7. Dezember 1897

Edmund hatte wieder eine lange Sitzung mit seinen beiden Mandarinen und telegraphierte dann nach Berlin:

„Habe Weng tung ho und Chang yin huan heute vorgeschlagen, dass, nachdem wir Missionsangelegenheit als völlig geordnet erklärt und auf Entschädigung für Reichskosten verzichtet haben werden, Kaiser von China aus freier Entschließung und aus Dankbarkeit für Liaotung dem Prinzen Heinrich die Kiautschou-Bucht übergeben möge, wobei ich darauf hingewiesen, dass hierdurch dem Prinzenbesuch ein eminent freundschaftlicher Charakter aufgeprägt werden würde, im Gegensatz zum jetzigen Eindruck.

Im Prinzip akzeptierten die Mandarine, anbieten jedoch, Kiautschou zum Vertragshafen zu erklären, und versprechen, dass er keiner andern Macht angeboten werde, dass wir dort eine Niederlassung nebst Eisenbahn erhalten, und dass uns außerdem ein andrer Hafen im Süden abgetreten werde.

Da ich vorläufig auf Kiautschou bestand, haben Mandarine dies nicht ganz abgewiesen, sondern nur betont, dass Chinas Ansehen durch ihren Vorschlag wiederhergestellt werden würde, und gebeten, ihn S. M. zu unterbreiten.

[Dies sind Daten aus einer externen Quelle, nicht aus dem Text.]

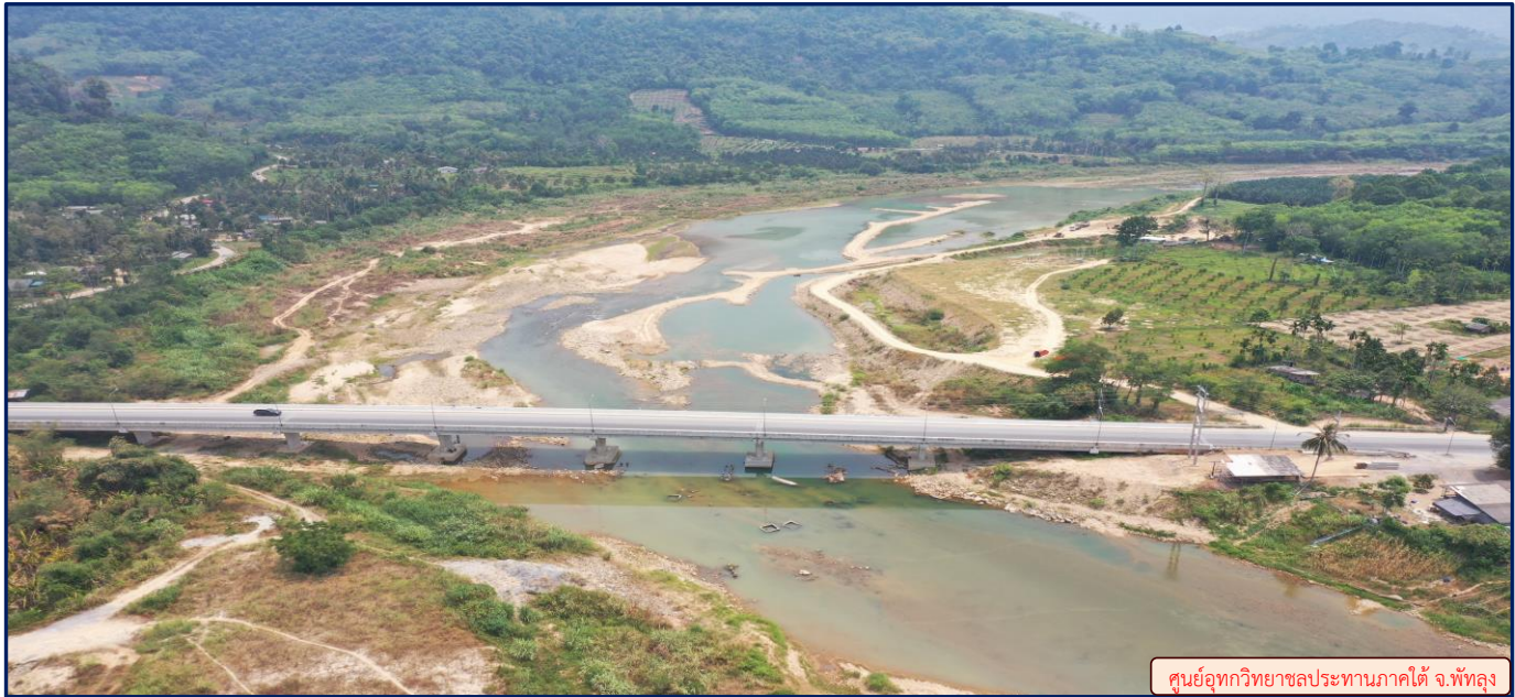
ศูนย์อุทกวิทยาชลประทานภาคใต้ จ.พัทลุง

Als Bedingung stellen Chinesen bisher, dass wir Kiautschou räumen, ehe Übergabe eines Hafens, welcher es auch sei, stattfindet und ehe Prinz Heinrich eintrifft. Annahme südlichen Hafens zugleich mit den uns in Kiautschou zugestandenen Vergünstigungen erscheint für uns vorteilhafter.

Für Chinesen liegt Vorteil in Wahrung äußeren Scheins und Sicherung Kiautschous gegen irgendwelche Ansprüche. Mandarine drängen auf Abschluss, wie mir scheint, aus Besorgnis vor Territorialangriffen Englands oder Japans."

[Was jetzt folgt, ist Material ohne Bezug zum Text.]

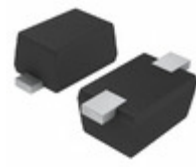
EDZVT2R27B Rohm Semiconductor DIODE ZENER 27V 150MW EMD2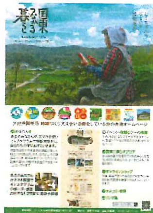
共通WEBサイト「国東つながる暮らし」ポスター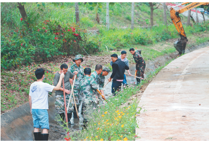
2月10日下午，叉河镇联合昌江水务服务中心在叉河镇排岸村水渠开展“六水共治”专项行动，清理渠道淤泥、垃圾等，畅灌溉、保春耕。

一督导、一月一通报、一月一考评、一年一考核”，设立表彰奖项，激励优秀单位和人员，年度考核结果作为对各单位、乡镇党委、政府领导班子和领导干部综合评价重要依据。 “我们从各成员单位抽调人员常驻办公，主要职责是承担全县治水工作的顶层设计、统筹协调、监督考核、宣传引导、信息报送等任务。”昌江水务服务中心副主任沈艺超说，县治水办的成立，改变了以往“九龙治水”的局面，下一步，县治水办将明确治水目标，排出五年行动计划，将任务进行分解，挂图作战，扎实开展“六水共治”工作。 昌江黎族自治县委书记、县治水工作领导小组组长陈儒茂表示，全县领导干部将继续拿出过去打硬战的决心、斗志，再接再厉、“真抓实干、比学赶超，切实把“六水共治”的“主战场”变成检验干部能力和实绩的“大考场”，开足马力、只争朝夕，全力打赢“六水共治”攻坚战、主动战、持久战，为昌江快步走上绿色可持续高质量发展之路、为海南自贸港建设作出新的更大贡献。 (本报石碌2月13日电)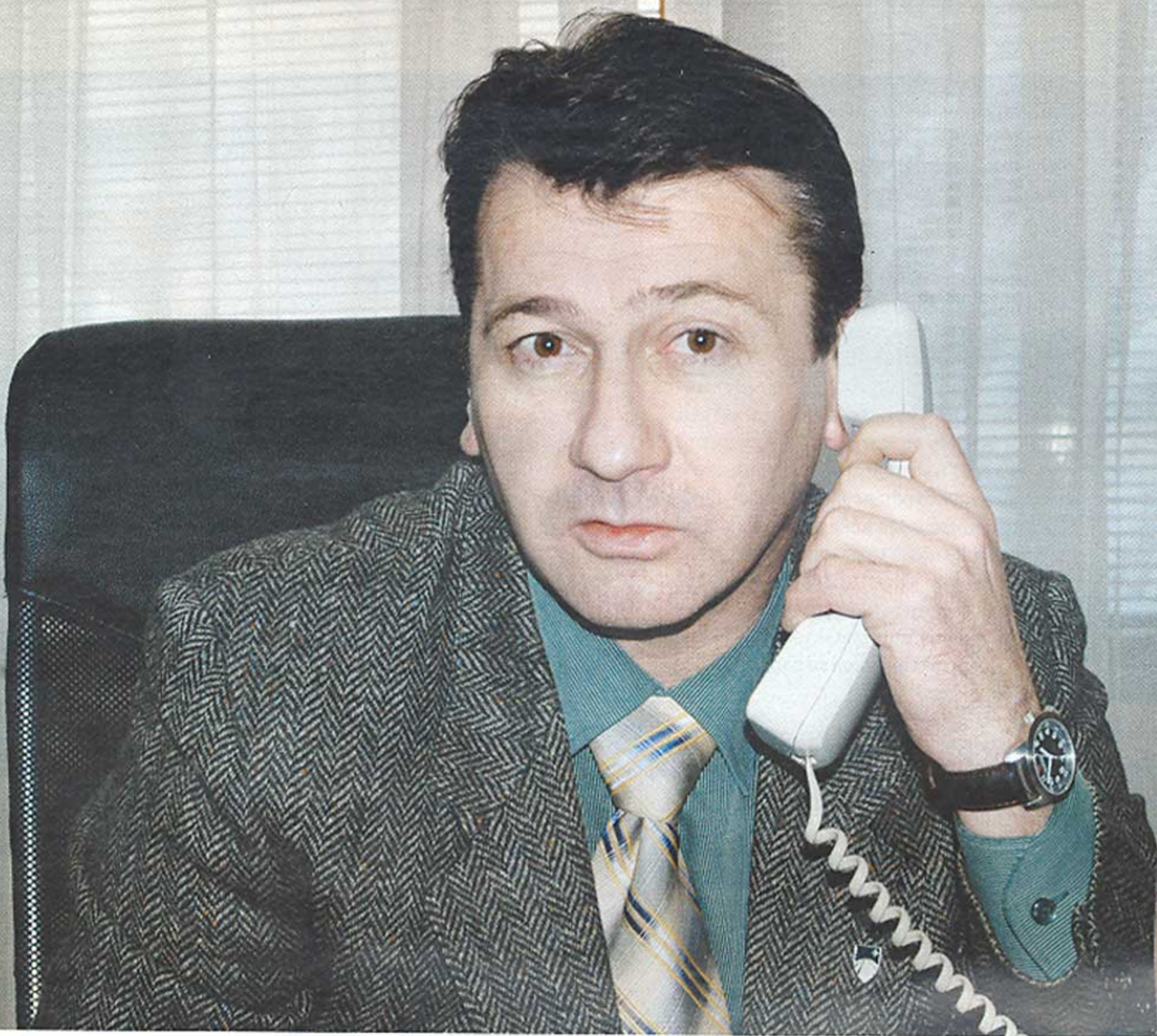
Ferhadija je završena samo u onom dijelu, ne mogu reći ni krpjenja, već održavanja, od Slatke čoše do Katedrale. To je i bilo završeno, a mi smo ove godine odredili određena sredstva po pitanju održavanja.

pravili u saradnji sa jednom eminentnom kućom „Grafo-Art“. Mislim da je trenutno naša web-stranica možda najbolja i najjača u regiji, čak uzimajući i šire područje bivše Jugoslavije, gdje vršimo ažuriranje svakodnevno. Od građevinskih je urađeno preko 140 projekta. Govorimo o tim vidljivim stvarima, pošto ima i onih nevidljivih stvari, kroz razna udruženja, nevladine organizacije, manifestacije, gdje smo se mi svakako uključili onoliko koliko smo mogli, u skladu s našim finansijskim sredstvima. Najviše je urađeno, dakle, po pitanju infrastrukture i određenih objekata. Urađen je, recimo, objekat na Mošćanici, koji je koštao oko 240.000 maraka, za smještaj romskih domicilnih porodica, gdje smo na jedan kvalitetan način riješili šest familija, a oni broje preko 30 domaćinstava. U Besarinoj Čikmi privodi se kraju kuća, odmah do Stare pra-

Die Anerbieten der Chinesen sind eigentlich viel günstiger, als was wir uns selbst ausgebeten haben, denn bei den Vorteilen, die wir in Kiautschou haben sollen, kommt es praktisch darauf heraus, dass wir statt einen, zwei Häfen erhalten. Wir wären damit auch alle Dankbarkeitsverpflichtungen gegen die Russen los, nur ist es wohl möglich, dass ihnen Kiautschou als Vertragshafen noch fataler wie als deutsche Kolonie wäre.

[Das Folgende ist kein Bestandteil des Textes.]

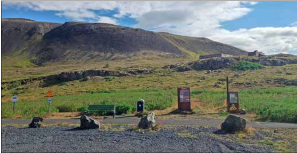
Ásar „Vel skipulagður áningastaður fyrir ferðamenn“

Ekki hefur sést til hauslausu hjúkkunar sem var á sveimi á Ásunum eftir seinna stríð og þáði far með ýmsum einmanna körlum. Skýring á því hefur ekki fundist, en af rælni rakst einhver á gamlan mogga: Í Morgunblaðinu 8.september 1991 segir: Reimt er í Sléttalandi við Suðurlandsveg. Hús þetta var byggt sem félagsheimili um 1950. Húsið var klætt innan með mason-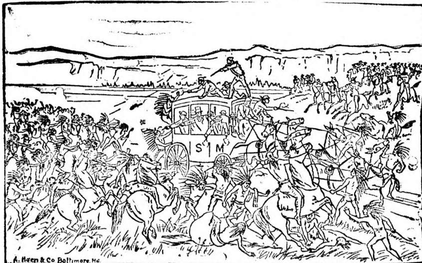
INDIANS ATTACKING THE OVERLAND MAIL COACH.

Az express pony. Mexikói lovasok és lasszodók csoportjai. 6 orslövész. Igazi arab lovasok és athléták. Orosz kozákok a Kaukázusból. Fiatal indiánok kedvelt mulatságokban. Hogy kell a „Bucking Bronchos“-okra (vadló) felülni. A vad lovak befogása a lasszó által. Egy kivándorló csapatjának megtámadása. Lovassági hadi gyakorlatok és katonai evolúciók. A híres deadwoodi gyors posta. A cowgirls négyese lóháton. Az indiánok haditáncja, 100 indiánus vörösbőrű.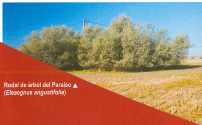
Rodal de árbol del Paraíso ▲ ( Elaeagnus angustifolia )

Es un árbol muy resistente a la sequía y a los suelos pobres, como los yesosos de esta zona. Además se puede usar para setos y como cortavientos, y es capaz de fijar el nitrógeno atmosférico gracias a unos nódulos de sus raíces. Es originario del sur y centro de Asia. En Pinto los encontramos plantados o naturalizados cerca de los caminos, como en las inmediaciones de la casa de Gótzquez de Arriba y en la Cañada Real Galiana a la altura del polígono Las Arenas, dentro del Parque Regional. Muy cerca de Pinto hay que destacar el interesante bosque asilvestrado que hay en el parque Bolitas del Airón, de Valdemoro.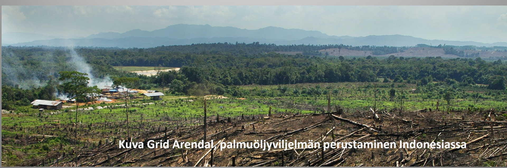
palmuöljyviljelmän perustaminen Indonesiassa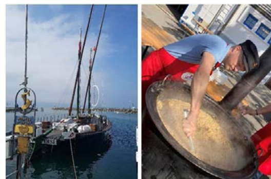
Désarmement d'automne, suivi du Risotto

Après une saison que l'on peut d'ores et déjà qualifier de réussie, la Vaudoise sera à nouveau mise au repos pour l'hiver le samedi 11 octobre, coïncidant avec le Risotto d'automne proposé, dès 11 heures, par la Nana et les cambusiers de la Confrérie.

Wenn es ihnen in Berlin darauf ankommt, viel und in Frieden zu bekommen, so müssen sie mit Edmund zufrieden sein; wir haben aber manchmal unsre Zweifel daran, weil wir fürchten, dass zwischen den Ansichten des Auswärtigen Amts und der Marine nicht voller Einklang herrscht.